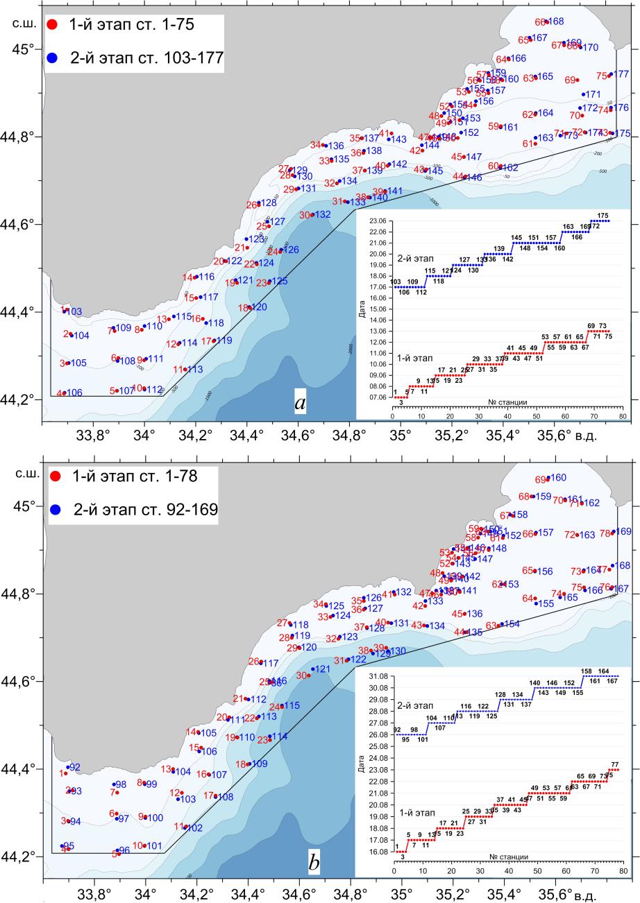 Рис. 1. Положение станций, выполненных в ходе 122-го (a) и 123-го (b) рейсов НИС «Профессор Водяницкий». На врезках – сроки и номера зондирований
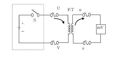 PT 2차권선의 u(+) 및 v(-) 단자에 직류 mV 전압계를 접속하 고, PT 1차측에서 U(+) 및 V(-)단자에 건전지(직류1.5V 또는 3V정도)의 전압을 개폐스위치 S로 ON→OFF 한다.
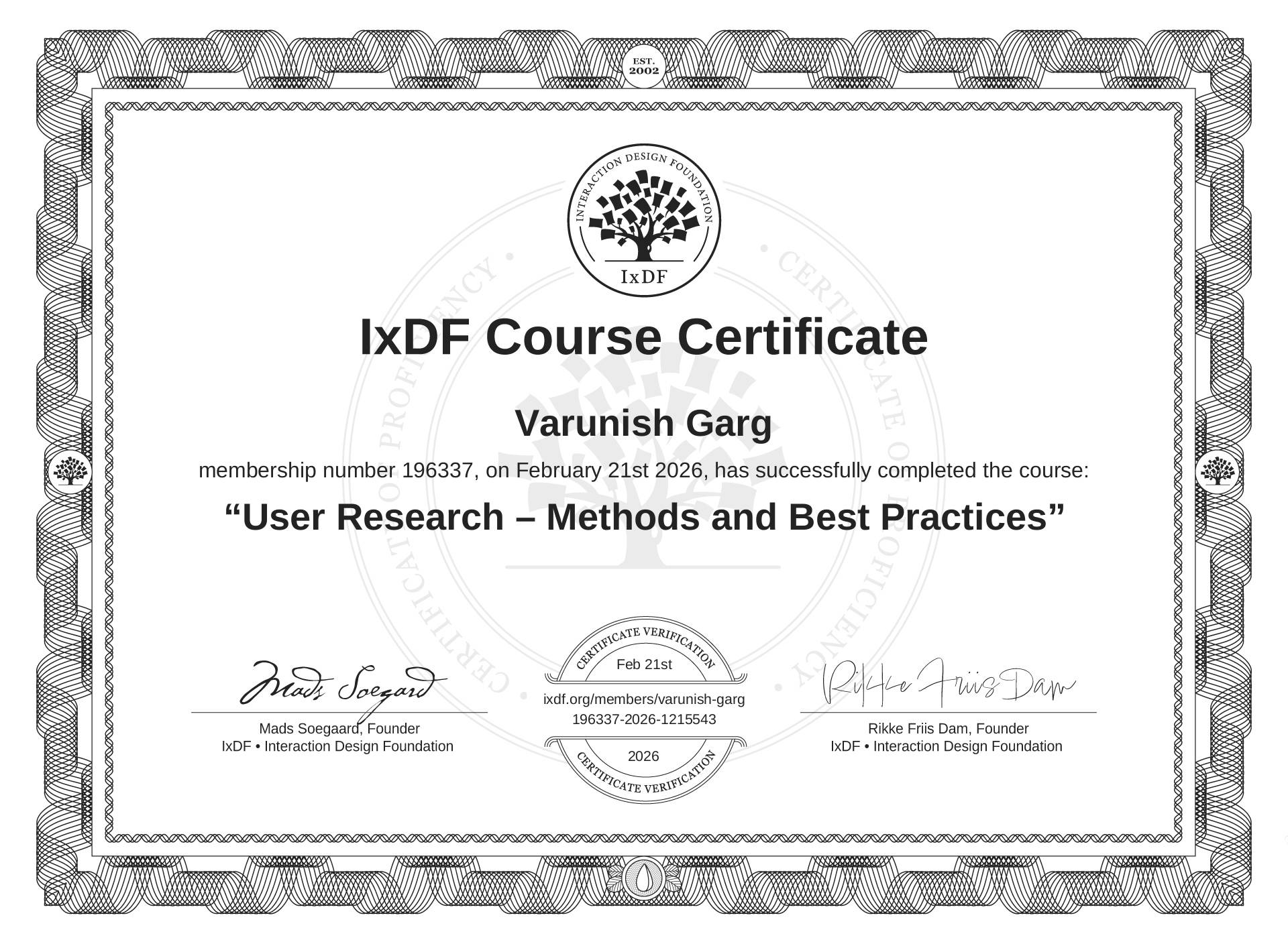 The IxDF Course Certificate above is awarded to Varunish Garg in formal recognition of their coursework surpassing the rigorous benchmarks of exceptional performance established by the IxDF Educational Codex.
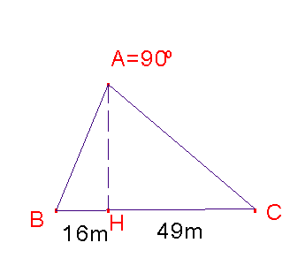 ¿Tendrá dinero suficiente un albañil con 6.000 euros para colocar una tapia a un solar de forma triángulo rectángulo si el metro de tapia importa 30 euros? ¿Qué dinero le sobrará o le faltará? Las medidas del solar son las del dibujo, es decir, la altura sobre la hipotenusa la divide en dos segmentos de 16 m y 49 m.
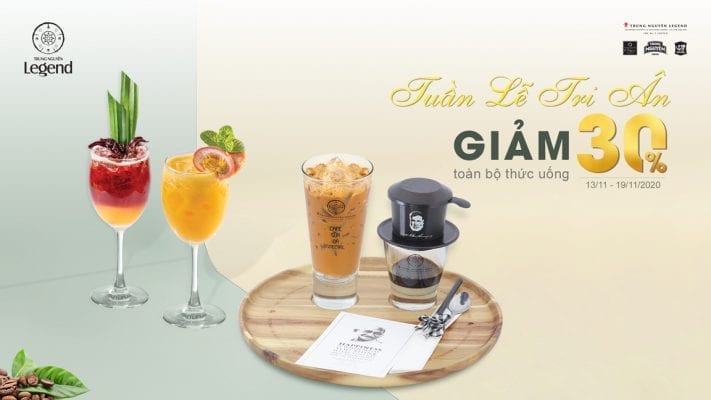 - Giảm 30% trên tổng hóa đơn thức uống (không giới hạn giá trị được giảm) tại hệ thống Không gian Trung Nguyên Legend.
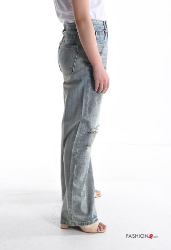 high waist ripped wide leg denim Cotton Jeans with buttons with zip with pockets
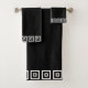 Elegante schwarz-weiße Quadrate auf schwarzem Handtuchhalter Set Stilvolle moderne Schwarz-Weiß Handtücher.
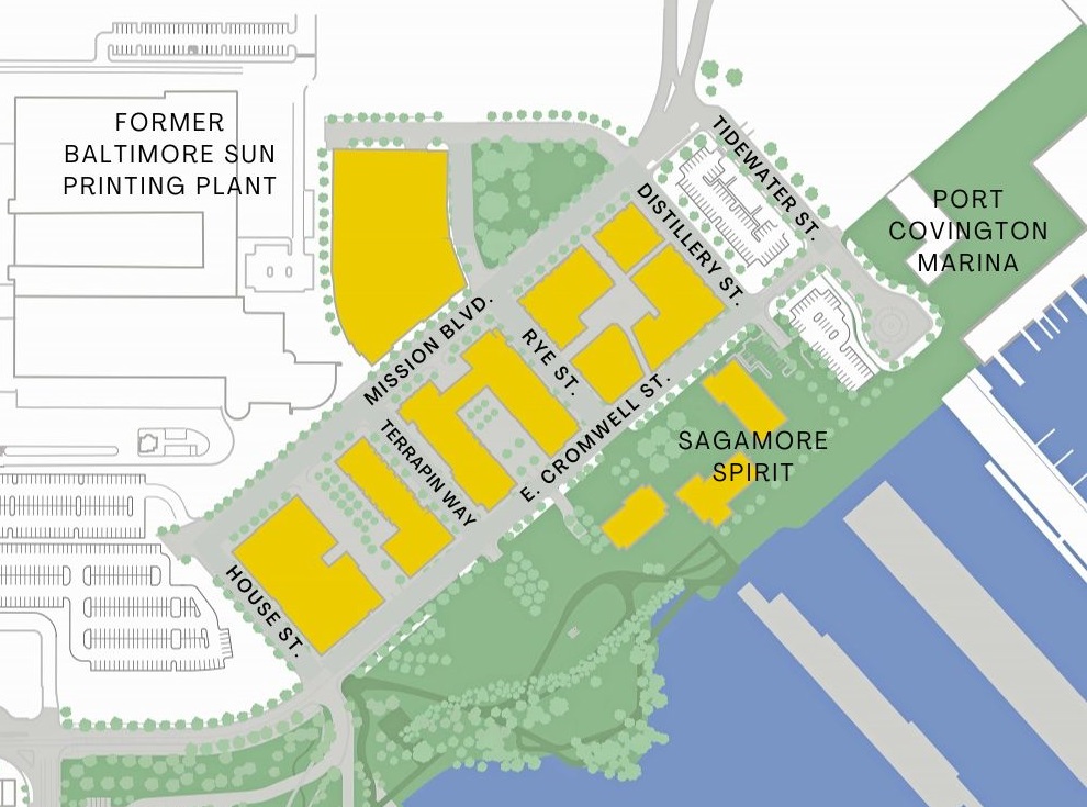 The new neighborhood covers a fraction of the former Port Covington industrial and commercial area slated for redevelopment. Major construction is still underway on the other side of E. Cromwell Street between Nick’s Fish House and Sagamore Spirit distillery. The new Under Armour headquarters complex is rising, and the Locke Insulator factory is being cleared away to make room for hundreds of new homes by a separate developer. No plans have been released for the rest of the property, which extends west across Hanover Street.
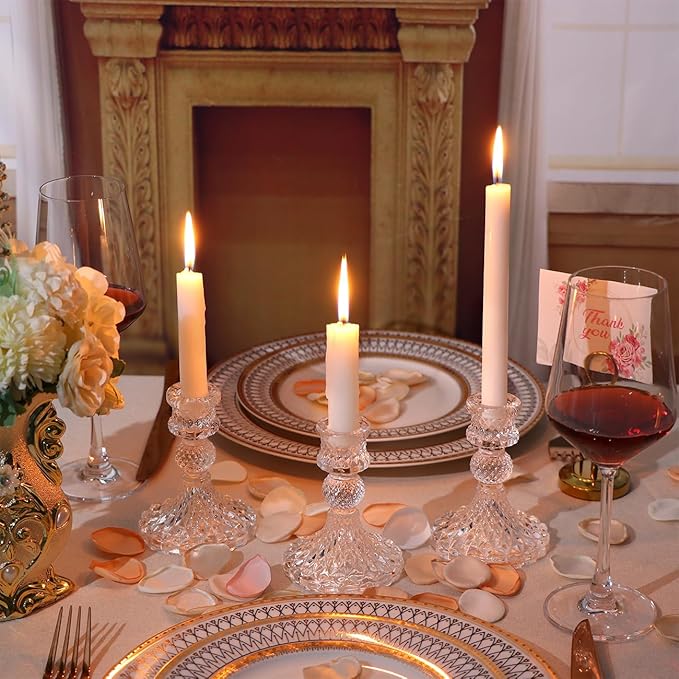 - ❤️Candlestick Holders Set [CANDLE EXCLUDED)-- Universal Taper Size: Top inner diameter 0.78'', bottom diameter is 3.15''x 4''H. You will receive 12pcs clear taper candle holders, they fit most standard taper candles, chime candles and flameless colorful LED candles. [NOTE]You wanna candles stands straight? Melt the bottoms of the candlesticks into the holder and hold it in place for 10sec! And drip wax is also very easy to clean.

————

▶ _PROBLEM TO WORK ON_
Repeat the records word for word, skipping pictures.

▶ _TASK OUTPUT_
 Рис. 1. Положение станций, выполненных в ходе 122-го (a) и 123-го (b) рейсов НИС «Профессор Водяницкий». На врезках – сроки и номера зондирований
 PT 2차권선의 u(+) 및 v(-) 단자에 직류 mV 전압계를 접속하 고, PT 1차측에서 U(+) 및 V(-)단자에 건전지(직류1.5V 또는 3V정도)의 전압을 개폐스위치 S로 ON→OFF 한다.
 The IxDF Course Certificate above is awarded to Varunish Garg in formal recognition of their coursework surpassing the rigorous benchmarks of exceptional performance established by the IxDF Educational Codex.
 ¿Tendrá dinero suficiente un albañil con 6.000 euros para colocar una tapia a un solar de forma triángulo rectángulo si el metro de tapia importa 30 euros? ¿Qué dinero le sobrará o le faltará? Las medidas del solar son las del dibujo, es decir, la altura sobre la hipotenusa la divide en dos segmentos de 16 m y 49 m.
 - Giảm 30% trên tổng hóa đơn thức uống (không giới hạn giá trị được giảm) tại hệ thống Không gian Trung Nguyên Legend.
 high waist ripped wide leg denim Cotton Jeans with buttons with zip with pockets
 Elegante schwarz-weiße Quadrate auf schwarzem Handtuchhalter Set Stilvolle moderne Schwarz-Weiß Handtücher.
 The new neighborhood covers a fraction of the former Port Covington industrial and commercial area slated for redevelopment. Major construction is still underway on the other side of E. Cromwell Street between Nick’s Fish House and Sagamore Spirit distillery. The new Under Armour headquarters complex is rising, and the Locke Insulator factory is being cleared away to make room for hundreds of new homes by a separate developer. No plans have been released for the rest of the property, which extends west across Hanover Street.
 - ❤️Candlestick Holders Set [CANDLE EXCLUDED)-- Universal Taper Size: Top inner diameter 0.78'', bottom diameter is 3.15''x 4''H. You will receive 12pcs clear taper candle holders, they fit most standard taper candles, chime candles and flameless colorful LED candles. [NOTE]You wanna candles stands straight? Melt the bottoms of the candlesticks into the holder and hold it in place for 10sec! And drip wax is also very easy to clean.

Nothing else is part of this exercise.